Router: D-Link DI-707P

First of all, let me tell about the router. It has one WAN port to connect a broadband modem and seven (7) LAN ports to connect PCs. There are 1 power indicator(M1), 1 internet indicator(M2), 1 WAN indicator(M3) and 7 other indicator for 7 LAN ports each.


BSNL assigned static IP, Subnet Mask, Gateway, Primary DNS & Secondary DNS in the TCP/IP configuration dialog box on the SERVER, and internet was accessible. Later I bought a D-link Broadband Router to share the internet over the lan ( total 6 No. of PCs). In the WAN section of the configuration page og the router, all the necessary settings were done according to the settings provided by BSNL and internet was shared.

Whenever I turned on the modem & the router, the connection was etablished. 

A few days ago BSNL suddenly changed the accesing method. One of their technicians came and created a PPPoE connection, entered username and password (without changing the previous IP, Subnetmask,Gateway--the router, DNS), 'BSNL' is used as ISP name,and then clicked connect:-- we were on internet. BUT HE DIRECTLY CONNECTED THE MODEM (BDSU-DV) TO ONE COMPUTER AND THAT IS THE ONLY COMPUTER THROUGH WHICH WE CAN ACCESS INTERNET.

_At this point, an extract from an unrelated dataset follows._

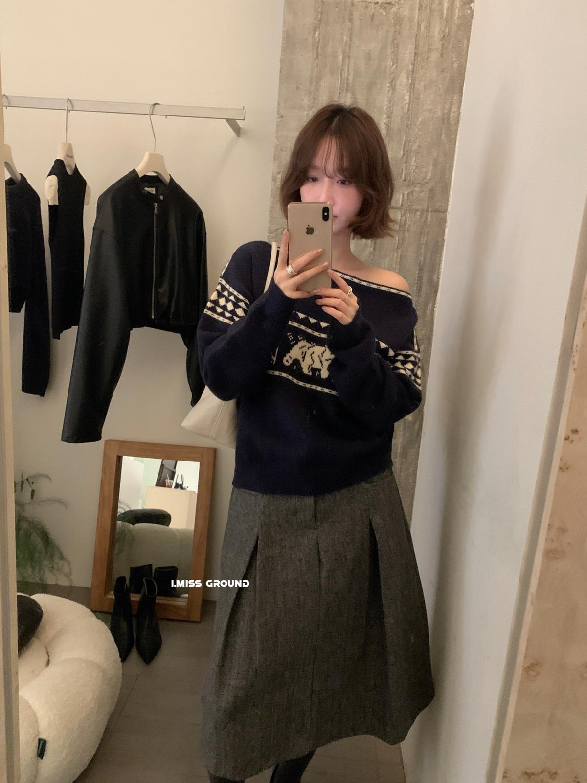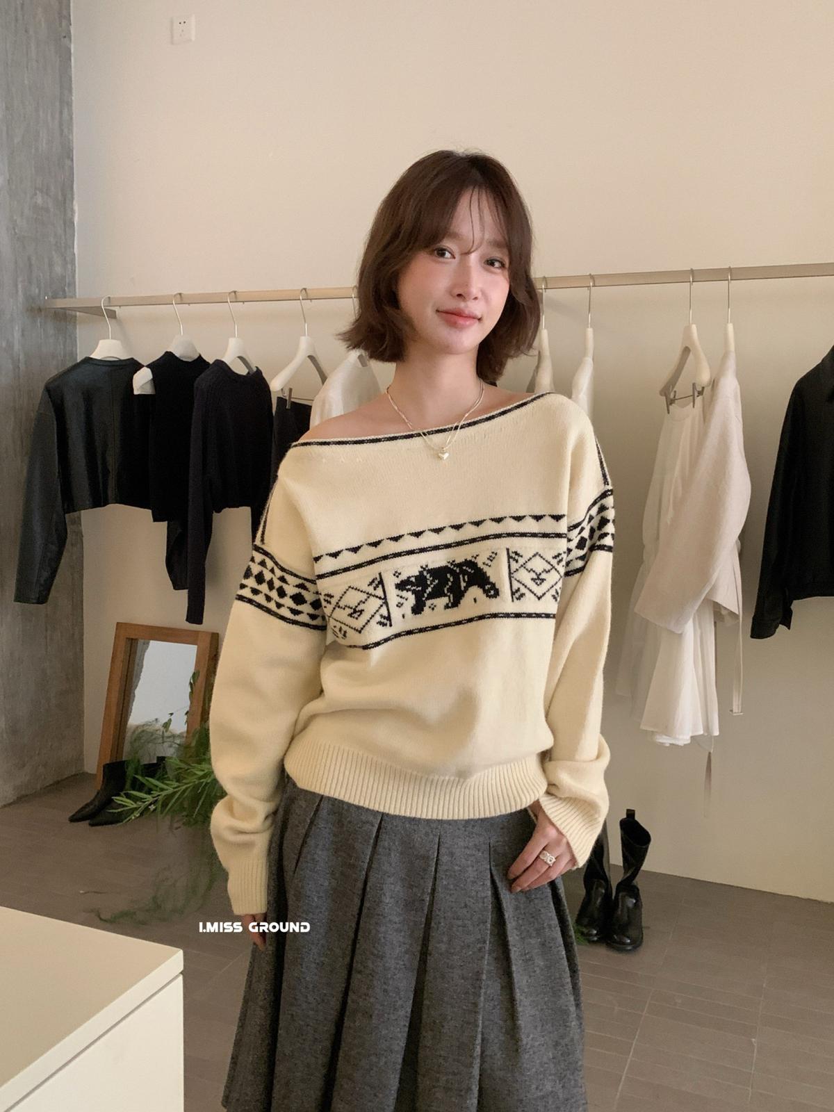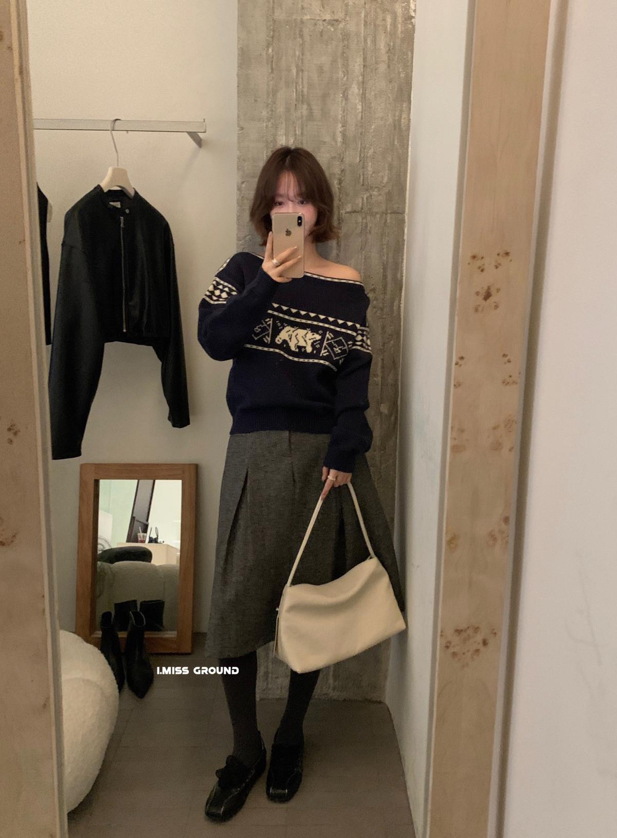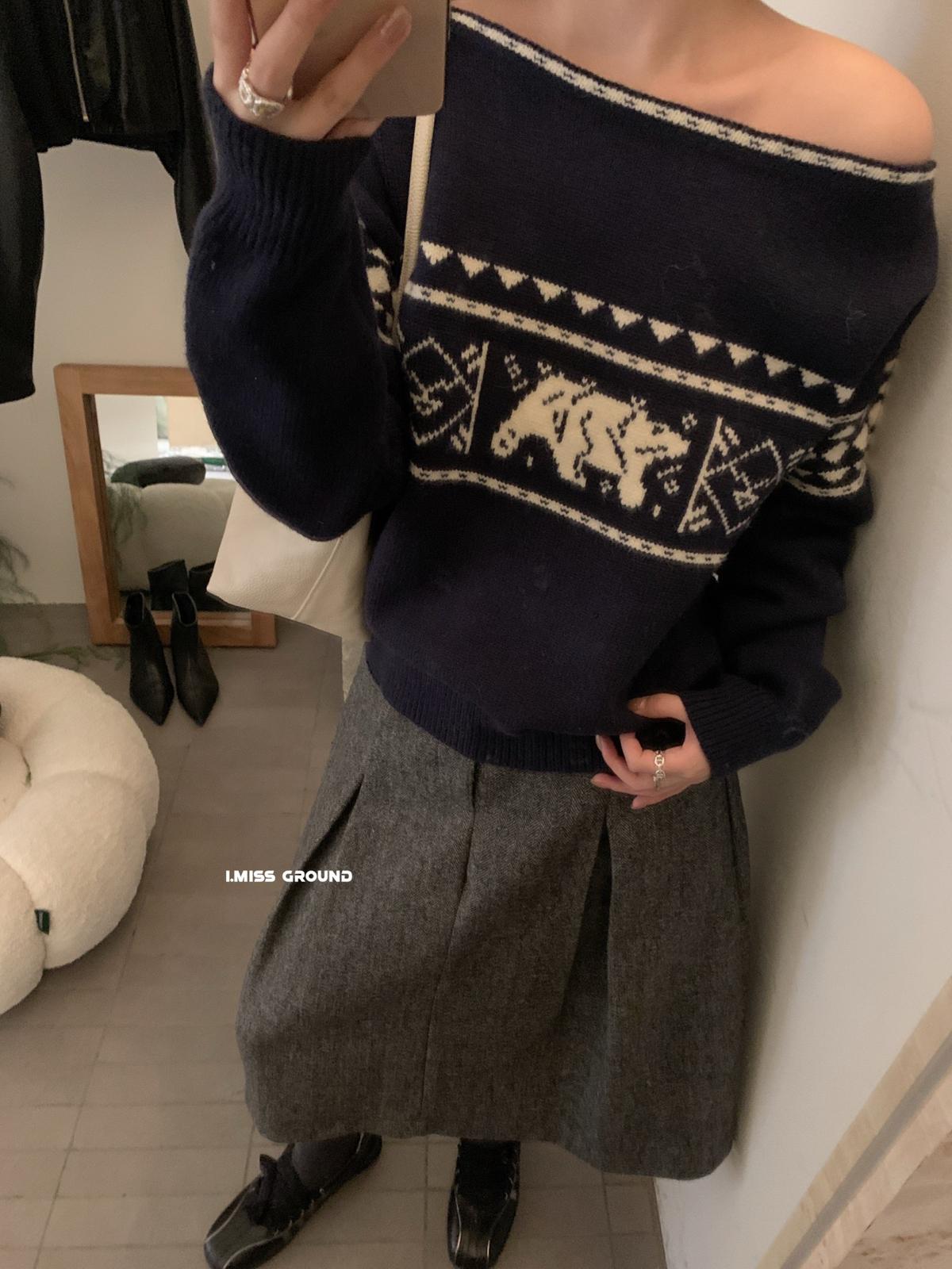 【C7868】聖誕款!兩穿復古提花斜肩保暖毛衣

The DI-707P Router was configured according to the specified IP, Subnetmask, Gateway & DNS. All of the computers on LAN have unique IP with same subnetmask and DNS except the Gateway which is the IP of the Router & all computers are connected to the available LAN ports of the Router . The DSL Modem was connected to the WAN port of the Router. This configuration worked perfectly (The M2 indicator never glowing). 

The ISP engineers told that there is no need to use the IP, Subnetmask, Gateway & DNS they previouly specified, but, they were using the previous IP to authenticate us and Gateway & DNS are still the same. They don't know about the configuration of the router as they did their duty successfully (i.e. to connect us with them to access internet). 
The configuration in the "LAN" : 
IP : 192.168.0.x 
Subnetmask: 255.255.255.0 
Gateway is: 192.168.0.x (The Router contains IP: 192.168.0.x and Subnetmask: 255.255.255.0, Domain Name is left blank in HOME-->LAN page of the ROUTER DI-707P).
The M2 indicator sometimes blinking.
The Router was configured according to the username and password in the HOME-->WAN section, but with no result. The 'Wizard' was used, but nothing new happened.

With the Dynamic & Static IP setting , the "STATUS" page displays the LAN information correctly (IP: 192.168.0.x; Subnetmask: 255.255.255.0) but the WAN shows==> (Actual value are replaced with x)

_*Static::::*_
IP                     :    xx.xx.x.xx       
Subnetmask       :   255.255.255.0 
Gateway            :   xx.x.xxx.xx
PrimaryDNS       :   xx.0.xxx.xx
SecondaryDNS   :   xx.0.0.x

*Dynamic::::*
IP                     :    0.0.0.0       
Subnetmask       :   - 
Gateway            :   0.0.0.0
PrimaryDNS       :   0.0.0.0
SecondaryDNS   :   0.0.0.0

PPPoE Disconnected. Clicking 'connect' does not produce any result.

Please help me correct the configuration as quickly as possible.


----------



## Deep (Jul 14, 2004)

i dont have much idea about this but 

Dynamic IP should know show 0.0.0.0 this means something wrong with the connection setup..

on ur server have u created new dialup connection for PPPoE with corect details ?

this page might help you : *www.asahi-net.or.jp/en/guide/winxppppoe.html


Deep


----------



## teenbollywood (Oct 9, 2004)

Hello,

 Just wanted to know how much money do you need to get a DIAS connection and more importantly is the speed any good. What is the actual download speed you get. And does BSNL provide the equipment or do we need to invest in them separately.

 Thanks in advance.

Regards,

TeenBollywood.


----------



## demoninside (Oct 9, 2004)

check this out dude
*www.bsnl.co.in/service/internet_tariff_dias.htm
and yes don't know about reliablity.


----------